Il se saisit de son téléphone interne pour appeler un service que je ne connais pas encore :
« Oui allô… Oui c’est moi. J’ai un problème avec une patiente et il faudrait absolument que je dispose d’une chambre dans ton service rapidement, ce soir serait l’idéal… Ah mince, ce n’est vraiment pas possible ?… Demain ou après-demain au pire tu dis ?… Bon d’accord, on fait comme ça. En attendant, je vais m’arranger pour qu’elle dispose d’une chambre en neuro ou neurochir pour un jour ou deux… OK, merci et on en parle demain ».
Il range son téléphone dans la poche de sa blouse et s’appuie sur un chariot posté à sa droite pour nous dire :
« Si vous êtes d’accord madame Bau, vous n’allez pas rentrer à l’hôpital de Melle ce soir. Nous allons très probablement vous transférer dans notre service et dans deux jours, trois maximum, vous serez redirigée au service de soins palliatifs.
- Oui…
- C’est quoi ce service ? », mon visage commence à se figer avant même qu’il ne me réponde.
« Je vais vous répondre très simplement.
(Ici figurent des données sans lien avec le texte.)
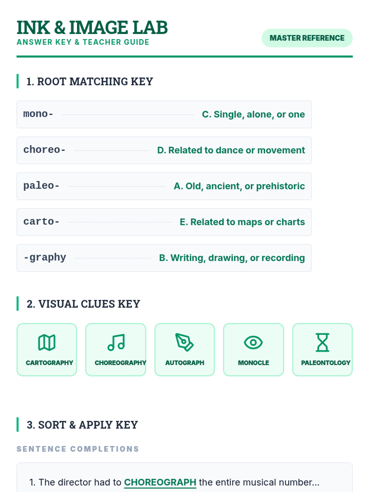 Complete answer key and teacher reference guide for the Ink & Image Lab root word worksheet.

Nous savons que votre épouse ne pourra recouvrir aucune faculté sur le plan de l’autonomie, et que ses douleurs lui font mal à tel point qu’elle veut en finir. Si le souhait de votre épouse est de ne plus vouloir souffrir, ce service ne peut pas faire une piqûre et forcer la personne à mourir car c’est interdit mais ils peuvent soulager sa souffrance au moment où « le corps » décide de lâcher prise ».
Ton pied droit s’incline fermement vers l’avant en signe d’approbation au moment où mes nerfs lâchent complètement. Mon visage et mon masque tombent car je vois le bout du tunnel pour une situation qui nous avait pris au piège depuis un trop long moment. Des souffrances injustifiées qui vont enfin s’arrêter pour te donner le droit de te reposer et d’être en paix. Nous avons tous les deux conscience du choix que tu viens de faire, de ce que cela implique pour la suite et surtout pour nos enfants, mais tu n’en peux plus, tu ne veux plus avoir mal. Et cette douleur est si forte que tu veux tout simplement mourir.
Un flot de larmes incontrôlables me submerge pendant je m’avance vers le professeur qui me fait face pour m’écrouler dans ses bras. Je sais que pour pouvoir faire convenablement leur métier, les membres du personnel d’un hôpital sont contraints de ne pas trop s’impliquer affectivement afin de garder l’esprit clair, mais ce neurochirurgien vient d’avoir dans l’instant la réaction appropriée en ouvrant ses bras naturellement pour accueillir un homme à la fois effondré par le chagrin de savoir que la mère de ses enfants va être accompagnée pour partir si elle le souhaite, mais aussi soulagé de voir les souffrances de sa femme prendre fin. Un mélange complexe de sentiments contradictoires qui font de nous ce que nous sommes, des humains…
J’essuie grossièrement mes larmes :
« Excusez-moi professeur.
- Je vous en prie, c’est normal », me dit-il en posant ses mains sur mes épaules et en me regardant dans les yeux.
Trois jours plus tard, tu es admise au service de soins palliatifs du CHU de Poitiers.